To ensure the quality of the code, we conduct unit testing by comparing the GPU accelerated with a pure Fortran simulation for one model year, using 155 species and 310 reactions. We compare the output of chemical element concentrations between the CPU only and accelerated version after the first time-step to calculate the relative error. The results show a median difference of 0.00005% with the maximum difference value of 0.54% using identical inputs, ensuring the high accuracy of the chemical solver. This is well within the accuracy criterion, asserting the numerical correctness of the GPU kernel.
Finally, we compare the results of aggregated mass of the CPU-only and GPU-accelerated version, over one year of simulated time. This test aggregates the error created over time using the L1-norm method and investigates the stability of the model. The results show that the median value of the difference in aggregated mass is less than 5%, well within the expected margin of differences stemming from architecture and compiler implementations.
The software is compatible with any operating system that supports the CUDA SDK.
The script is written in the Python language and it has been tested with Python version 2.7. The script produces code that supports the the CUDA programming model version 2.0 or later.
Each CPU process that offloads to GPU requires a chunk of the GPU VRAM memory, whose size is dependent on the number of species and reaction constants in the MECCA mechanism. The number of GPUs per node and VRAM memory available in each GPU dictates the total number of CPU cores that can run simultaneously. We strongly recommend that at least 2.5 GB of VRAM per CPU process should be available on each GPU. Note that if not enough memory is available, the CUDA runtime will silently fail – without any warning.
The script requires Python version 2.6 or 2.7. The source code produced requires the CUDA SDK 6.5 or newer.
Name: MECCA – KPP Fortran to CUDA source-to-source pre-processor.
Persistent identifier: DOI: 10.5281/zenodo.546811
Licence: MIT License.
Publisher: The Cyprus Institute.
Version published: 1.1.
Date published: 18/04/17.
Licence: MIT License.
Date published: 12/12/16.
The source-to-source parser core can be used by other researchers to transform FORTRAN 90 code to CUDA accelerated code.

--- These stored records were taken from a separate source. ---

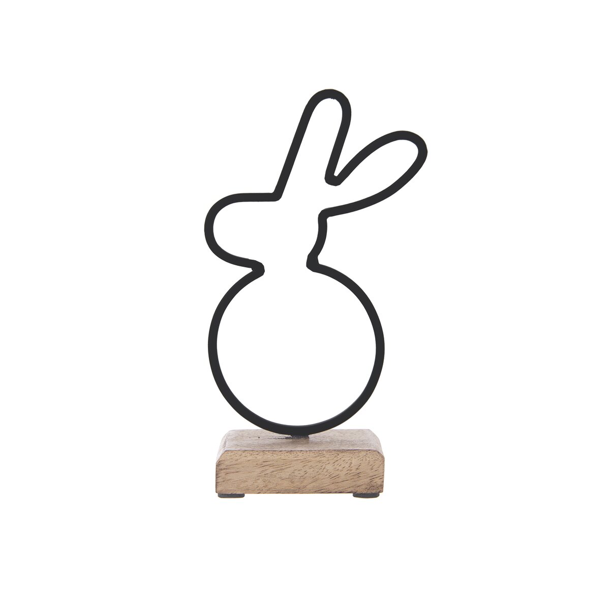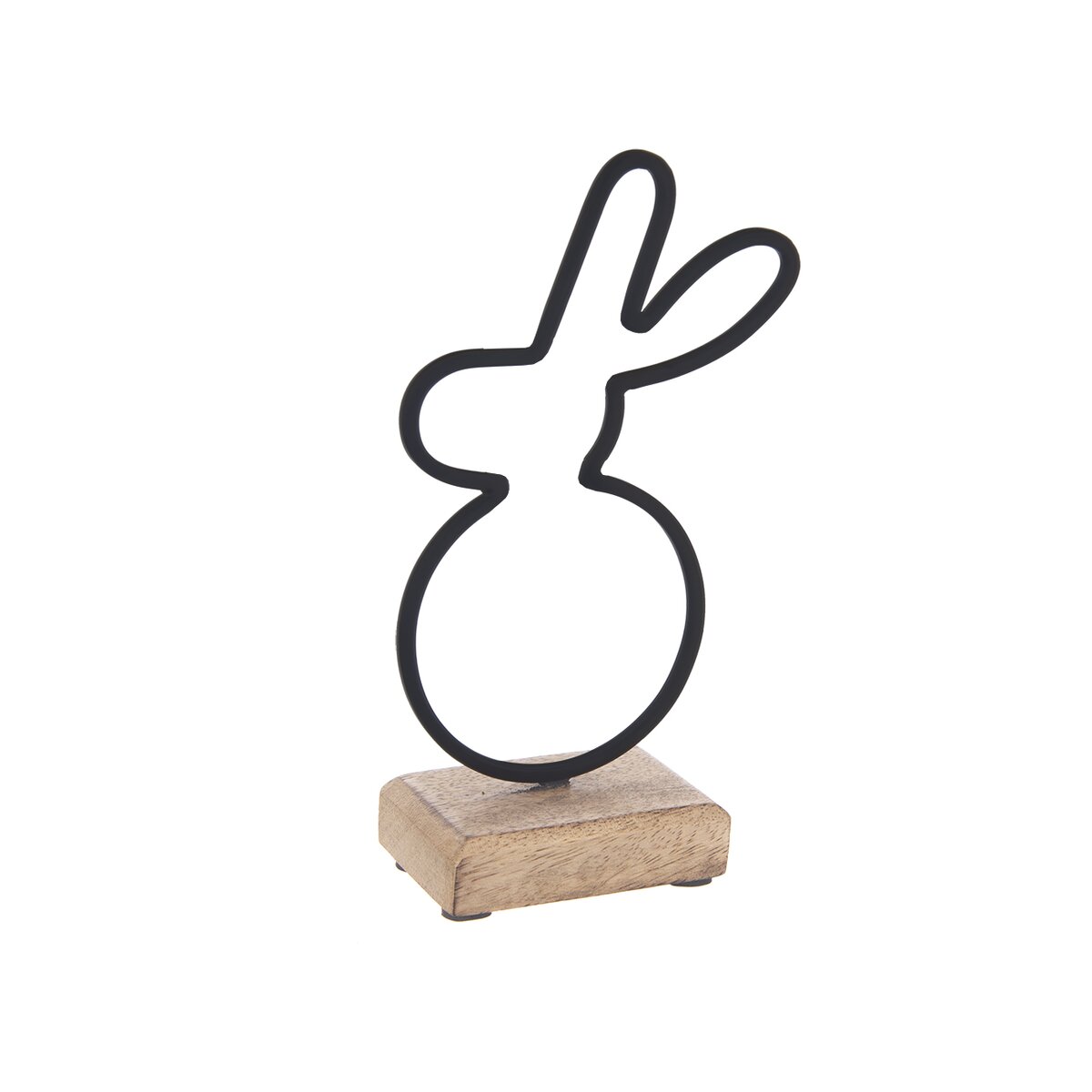 Kód produktu 351836Dekorace z černého drátu ve tvaru zajíčka a podstavce z mangového dřeva je krásným dárkem i stylovou drobností do interiéru.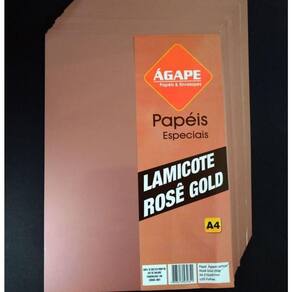 Papel Lamicote A4 210x297mm 250g/m - 25 Folhas - ágape - Rose Gold Papel Lamicote produzido em cartão com gramatura de 250g/m parece um espelho sucesso entre Topos de Bolo (Bolo Fake) e papelaria. Formato: A4 - 210mm x 297mm. Ficha técnica: Quantidade: 25 folhas Código: 078826 Conteúdo da Embalagem: 25 Folhas papel lamicote 250g/m Composição/material: celulose e plástico. Imagens meramente ilustrativas. As cores e tonalidades podem variar. Uso - Escolar Tipo de Papel - Cartão Metalizado Gramatura - 250g/m Tamanho - A4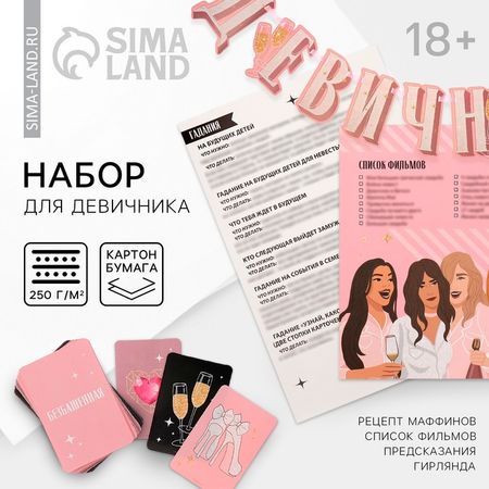 Устройте самый веселый, яркий и неповторимый праздник для невесты, который останется в памяти надолго. Набор для проведения девичника идеален для домашней вечеринки. Эта игра поможет отметить его весело, душевно и незабываемо. Подготовьте для каждой участницы любимые напитки и прекрасное настроение! Игра предусмотрена на любое количество участниц. Сценарий включает в себя 6 разнообразных гаданий с атрибутами для их проведения, также в наборе вы найдёте праздничную гирлянду на ленте «Девичник», список фильмов на вечер, рецепт маффинов, который в дальнейшем вы занесёте в свою кулинарную книгу.Размеры гирлянды:»Д»- 10,8Х15,7 см;»Е»- 12,4Х14,5 см;»В»- 7,9Х13,7 см;»И»- 9,4Х15,2 см;»Ч»- 8,6Х13,8 см;»Н»- 12,5Х14,4 см;»И»- 8,3Х13,7 см;»К»- 11,8Х14,8 см.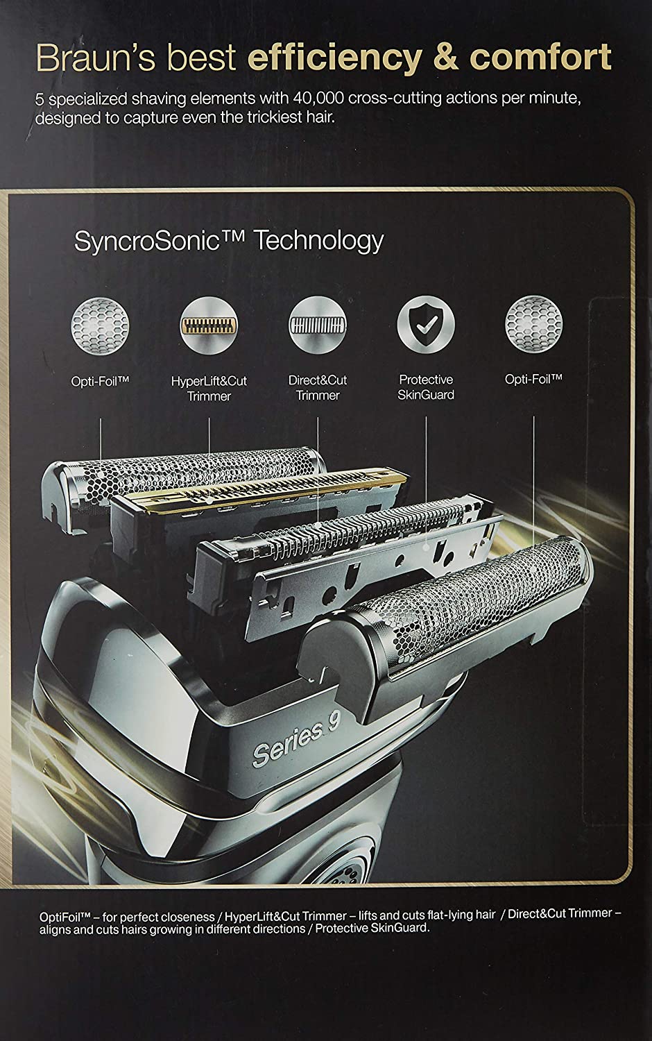 BRAUN Series 9 World’s most efficient shaver. Exceptionally gentle. With SyncroSonic technology and a Titanium coated middle trimmer. Five specialized shaving elements capture more hair in one stroke for fewer strokes and less skin irritation. SyncroSonic Technology Features & Specification SyncroSonic technology with 40,000 cross-cutting actions per minute. Multiplied by Sonic technology. Braun’s patented SyncroSonic technology reads and adapts to your beard. Checking its density 160 times per minute. Providing extra power exactly where needed most. As beautiful as gold yet much harder. Titanium is an extremely durable metal and highly resistant to corrosion. Plus, it makes quite an appearance. That‘s why Braun uses it for the coating of the trimmer. HyperLift & Cut trimmer Lifts and cuts flat lying hairs. Direct & Cut trimmer Aligns and cuts hairs growing in different directions. Protective SkinGuard Smoothens the skin for an exceptional shaving experience. 2x Opti-Foil For perfect closeness that lasts longer. 10-D Flexible Shaving System Independently flexible cutting elements mounted on a 10 directional pivoting head: MicroMotion combined with MacroMotion for maximum facial adaptability, giving you more skin contact for a more thorough shave. Clean & Charge Station The World‘s only 5 action alcohol-based Clean& Charge station automatically cleans, lubricates, dries and charges your shaver.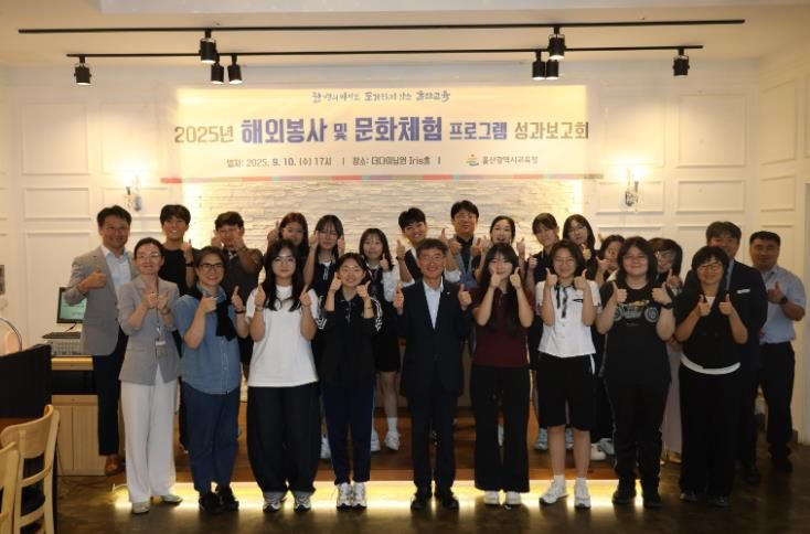 [한국기자연대] 울산광역시교육청은 지난 10일 중구의 한 식당에서 올해 처음으로 진행된 ‘2025 해외 봉사·문화 체험 프로그램’ 성과보고회를 열었다.
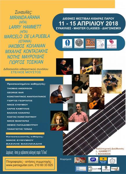 Στο Διεθνές Φεστιβάλ Κιθάρας Πάρου υπό την καλλιτεχνική διεύθυνση των Larry Hammett και Ιάκωβου Κολανιάν θα διδάξουν καταξιωμένοι σολίστ από την Ελλάδα και το εξωτερικό (Τhomas Anderson (ΗΠΑ), Κωνσταντίνος Αναπολιτάνος, Γιώργος Γεωργάτος, Χάρης Καμπύλης, Βασίλης Καναράς, Κώστας Κωνσταντίνου, Νίκος Μανιταράς, Γιώργος Μπαρμπαρέκος, Θέμης Παπαδημητρίου, Παναγιώτης Τζίνας, Βασίλης Ράπτης).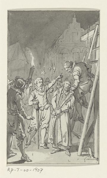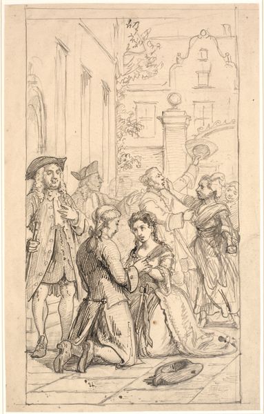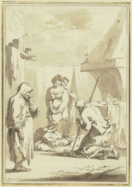 This drawing of ‘Harlequin Presenting a Peepshow’ was created by Jan Goeree, likely in the early 18th century. Executed in pen and brown ink, with a nuanced wash, the drawing orchestrates a lively street scene around a central spectacle. Notice how the composition draws us in through contrasting textures and tones: from the rough bark of the tree and the harlequin’s patterned suit to the smooth surfaces of the buildings. Goeree masterfully uses line and wash to define shapes, creating depth and atmosphere that animate the scene. The harlequin’s dramatic pose and the boy’s peering face invite us to consider how we engage with spectacle and illusion. The use of light and shadow, coupled with the dynamic arrangement of figures, emphasizes the theatrical nature of the event. This element disrupts the ordinary and prompts viewers to question the boundary between reality and performance, inviting us to reflect on the complex interplay between observation, illusion and interpretation.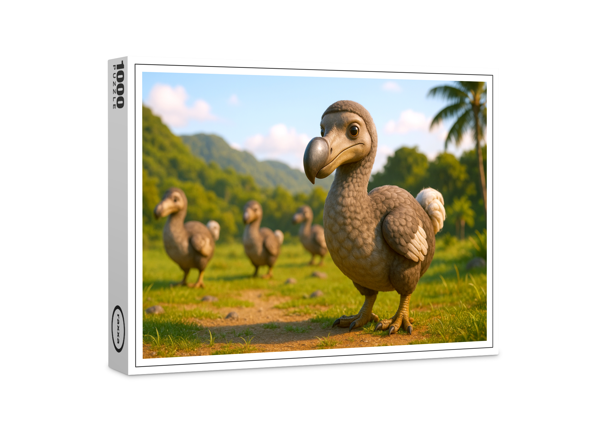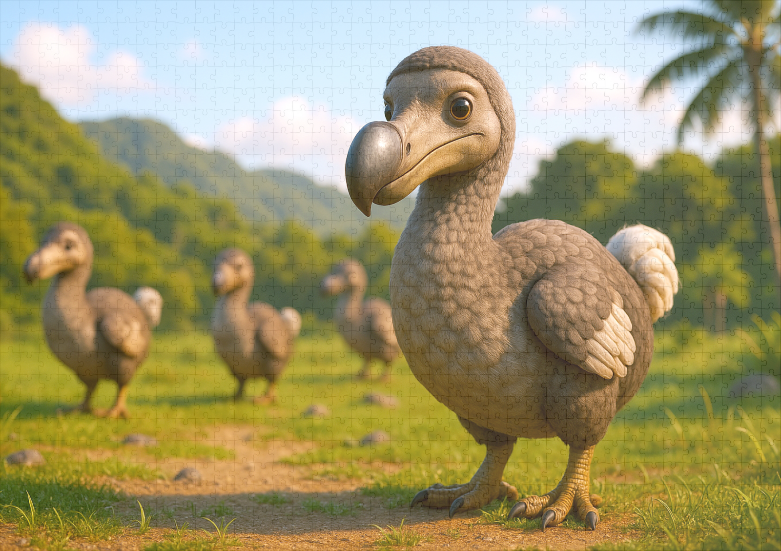Der ausgestorbene flugunfähige Vogel Dodo oder auch Dronte genannt. Ein neugieriger Dodo blickt direkt in die Kamera, umgeben von weiteren Artgenossen auf einer sonnigen Lichtung mit Palmen. Das Motiv ist humorvoll, charmant und im liebevoll stilisierten 3D-Look gehalten.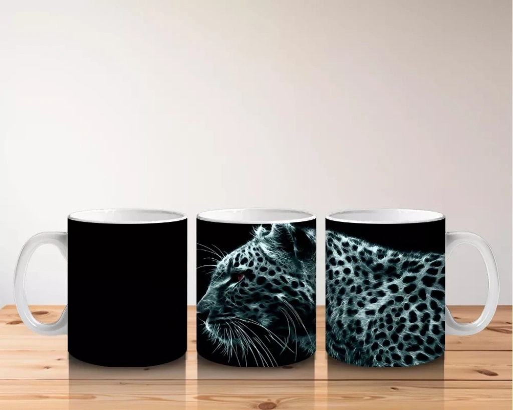 Siyah zemin üzerine işlenen etkileyici bakışlara sahip bu leopar portresi, zarafet ve vahşi doğayı bir araya getiriyor. Şıklığı ve gizemi sevenlere özel, dikkat çekici bir kupa tasarımı.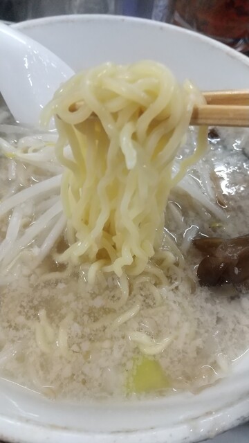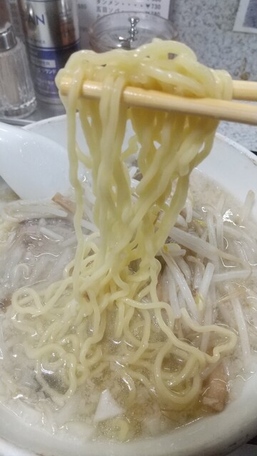 変わらず、たっぷり背脂と玉ねぎともやしの塩スープは甘くエンミもウマミもちょうど良くじんわりと美味しいスープ(^^♪、この味はやさしく好みの味なのは印象変わらずw
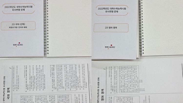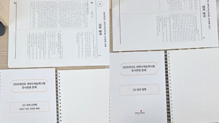 보통 새학기가 되면 서점에서 문제집들을 미리 사보지만, 시각장애 학생이 마주하는 상황은 다릅니다. 대체자료* 제작 신청을 하면 학기가 시작하고 몇 개월이 지나서야 점자로 된 문제집을 받아봅니다.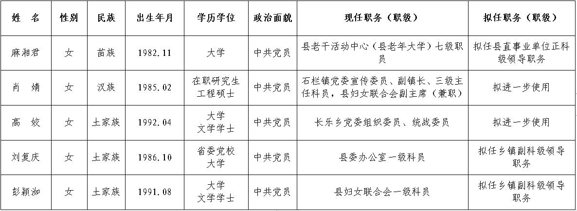 文章来源:中共花垣县委组织部 作者: 时间:2024-02-03 20:46:42为加强对干部选拔任用工作的监督,提高识别和任用干部的准确度,现对县委常委会议研究决定的5名拟任职人选予以任前公示。
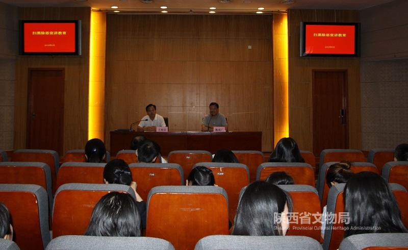 为坚决贯彻落实中央扫黑除恶督导组要求,根据省委、省政府统一安排部署,按照扎实落实“三个聚焦三个求突破”和“五个再来一遍”、“三个大起底”工作部署。6月18日,省文物局督查与安全处副调研员王相宜同志莅临陕西历史博物馆,为全馆干部职工开展扫黑除恶宣讲教育,宣讲教育由副馆长魏成广主持,陕历博党委书记、馆长强跃及全馆职工200余人,共同聆听了宣讲。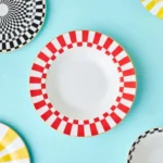 Karaca Circus Porcelain Pasta Bowl, 20cm, Red White Gold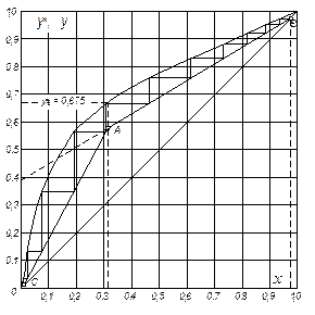 Відкладемо на осі ординат 0,393 і нанесемо робочу лінію АВ для верхньої частини колони. Через точки А і С проводимо робочу лінію для нижньої частини колони. Виконуючи на діаграмі побудову ламаної лінії (починаючи від точки В), знаходимо необхідну кількість ступенів зміни концентрації: у верхній частині колони вона становить 7, у нижній – 4; разом – 11.
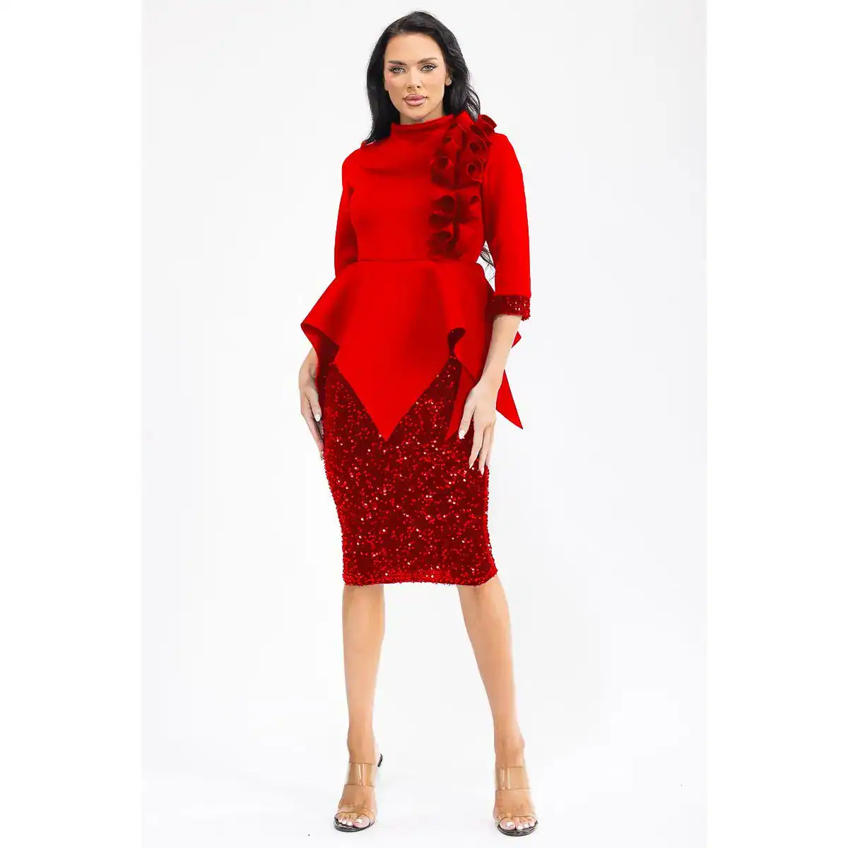 New – Peplum Ruffled Sequin (Red Dress) 4 Size Selections (S-XL) –Holiday Ready!!!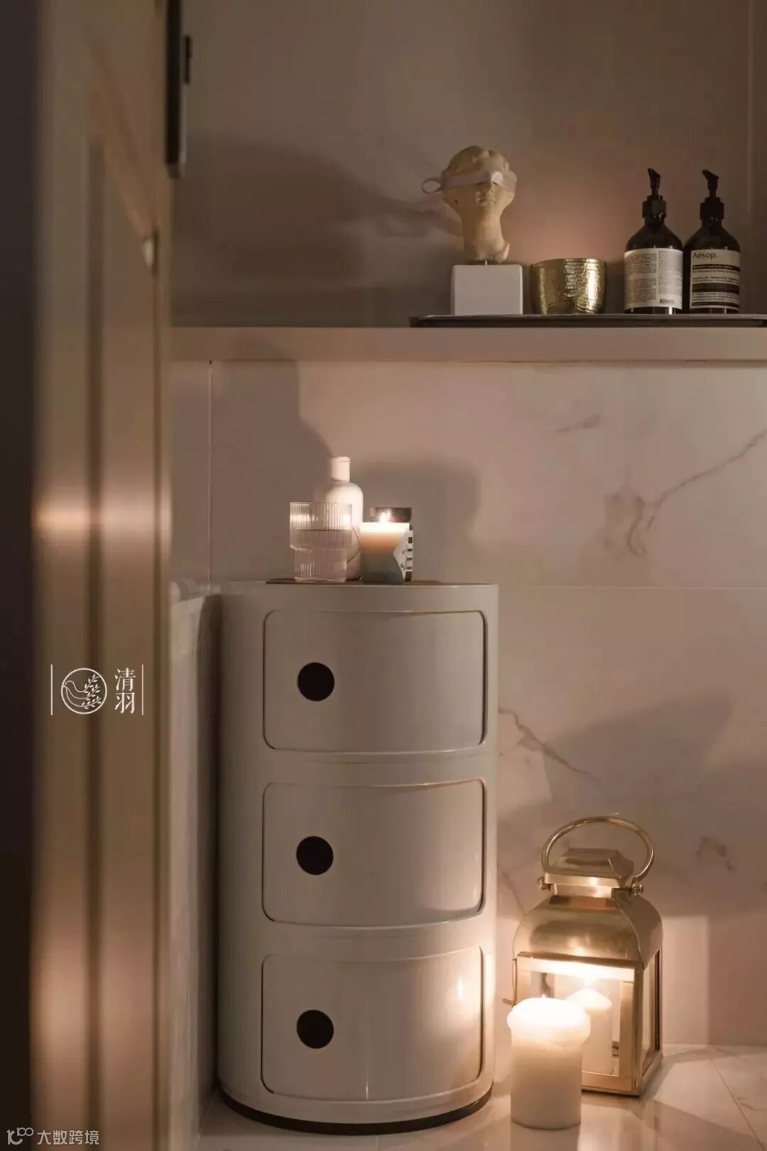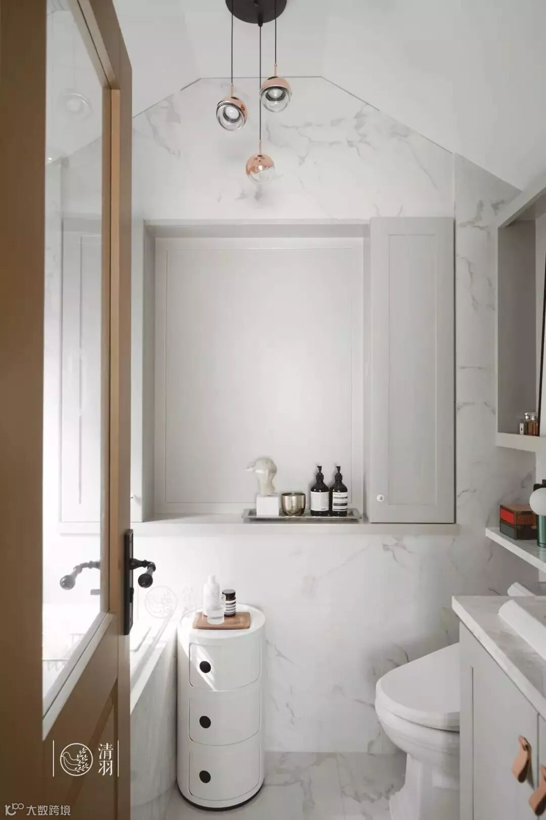 白色基调的卫生间,有着通透的光线,大理石的自然纹理恰似粼粼波光。墙上空间也没闲置,分别做了壁龛和滑门收纳柜,常用物品都能方便收纳拿取。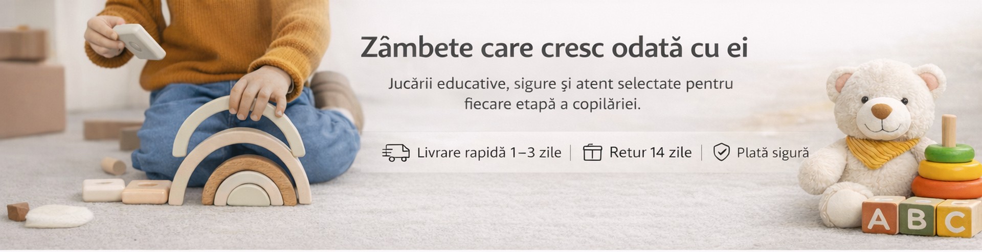 Produse alese cu grijă pentru siguranța și dezvoltarea copiilor.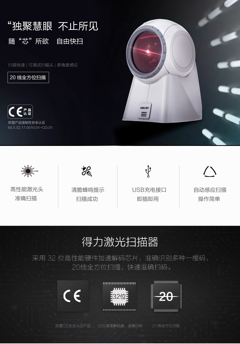 商品名称:得力14884条码扫描器 平台式扫描器(白色)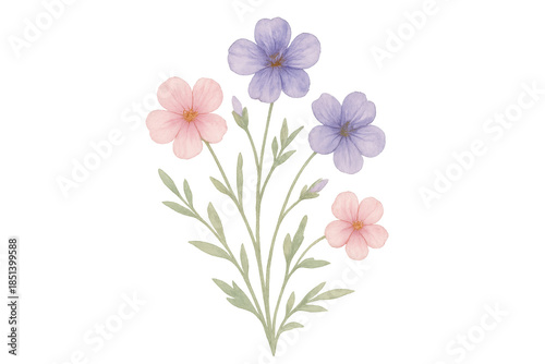© Michael, Fototapeta premium Watercolor floral arrangement with pink and purple spring blossoms and green leaves, transparent background design element

The methodology can be used as template to create high performance computing capabilities on GPUs for scientific code that is currently written in FORTRAN 90.
The CUDA compatible ODE solvers comprises the Runge Kutta methods and the linearly-implicit Rosenbrock family of solvers, and may be used for chemical kinetics and numerical integration outside the field. The software is supported by the developers. Any inquiries should be addressed by e-mail.
The authors would like to thank Patrick Jöckel for his support during the packaging and integration of the source-to-source parser and Klaus Klingmueller for the graphics in Figure 1.
The authors have no competing interests to declare.